Añadió que dicho instrumento fue realizado tomando en cuenta diversos marcos jurídicos estatales, nacionales e internacionales, por ejemplo, la Convención de los Derechos de las Personas con Discapacidad de la ONU, con la finalidad de poder delimitar aspectos normativos que especifican que es necesaria la armonización legislativa conforme al modelo de defensa de los derechos humanos.

“El protocolo se enfoca en tres aspectos: en las relaciones laborales, en el abordaje del servicio público en la atención directa a personas con discapacidad, y el tercer ámbito es el acceso a la justicia. En este sentido, conforme al Protocolo se entiende que la discapacidad psicosocial es un fenómeno que va emerger de la interacción entre la persona y el entorno, cuando ciertas experiencias psicosociales son leídas como diferentes y que generan barreras”.

También dijo que, la definición incluye otras vivencias que padecen las personas como escuchar voces internas, ver o percibir cosas que otras personas no ven, o sentir tristeza profunda o sufrir emociones intensas, los cambios de ánimo abruptos, las experiencias cognitivas distintas en situaciones de tensión, y las formas de comunicación personal no habituales.

La conferencista aclaró que estas características, que son referentes identificatorios y que van a variar de persona a persona, no son en sí mismas la discapacidad, más bien es la interacción entre estos referentes y las barreras o situaciones del entorno, las cuales  van a dificultar la participación efectiva de la persona con esta discapacidad en sus actividades cotidianas, y que, por lo tanto, por sí mismo un diagnóstico no es una situación de discapacidad psicosocial, es una condición de vida; sin embargo, cuando ya existe este vínculo con lo comunitario, o en el día a día, es cuando puede surgir una situación de discapacidad.

“Las barreras sociales, no las experiencias en sí mismas, van a limitar la participación en igualdad de condiciones de la persona, y este enfoque es muy importante porque no podemos partir con el modelo médico rehabilitador, que propondría que la discapacidad radica en la persona misma; no es así, porque es la interacción entre las barreras, el contexto con el entorno y con las personas que la rodean. Esto da la pauta para construir acciones para modificar entornos, y que estos ayuden a consolidar la participación efectiva de la persona con la finalidad de visibilizar este enfoque”.
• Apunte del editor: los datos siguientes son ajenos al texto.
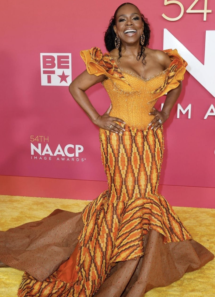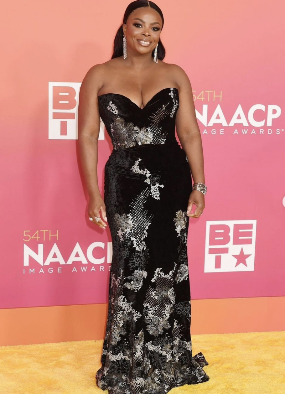 In addition to Quinta Brunson, stars Sheryl Lee Ralph and Janelle James also represented for Abbott Elementary at the NAACP awards. Ralph was intentional about her gown, choosing the wear a Ghanaian designer which felt appropriate. She slayed in a yellow multicolor Kente Pistis Ghana dress that felt reminiscent of the mother land, Africa. While comedian Janelle James chose to wear a black velvet Christian Siriano PF23 dress that very rich in texture and had silver sparkles and flowers embroidered throughout her gown

También añadió que, respecto a dichas personas, pueden definirse y autonombrarse desde referentes propios, y entre las identidades más comunes se encuentran: usuarias y usuarios de servicios de salud mental, sobrevivientes de violencia psiquiátrica, personas que escuchan voces internas o perciben de manera diferente el entorno, personas con sufrimiento psíquico, o experiencias críticas de bienestar social. Por lo tanto, este colectivo de personas podría entrar en la categoría de psicosocial.

Por último, el evento académico también contó con la participación de ponentes que expusieron sus experiencias en los recintos bibliotecarios y las acciones que han llevado a cabo para apoyar, tanto en el aspecto emocional como en el aspecto del acceso a la información, los servicios bibliotecarios adecuados y las herramientas disponibles para dotar de condiciones de igualdad a las personas con discapacidad.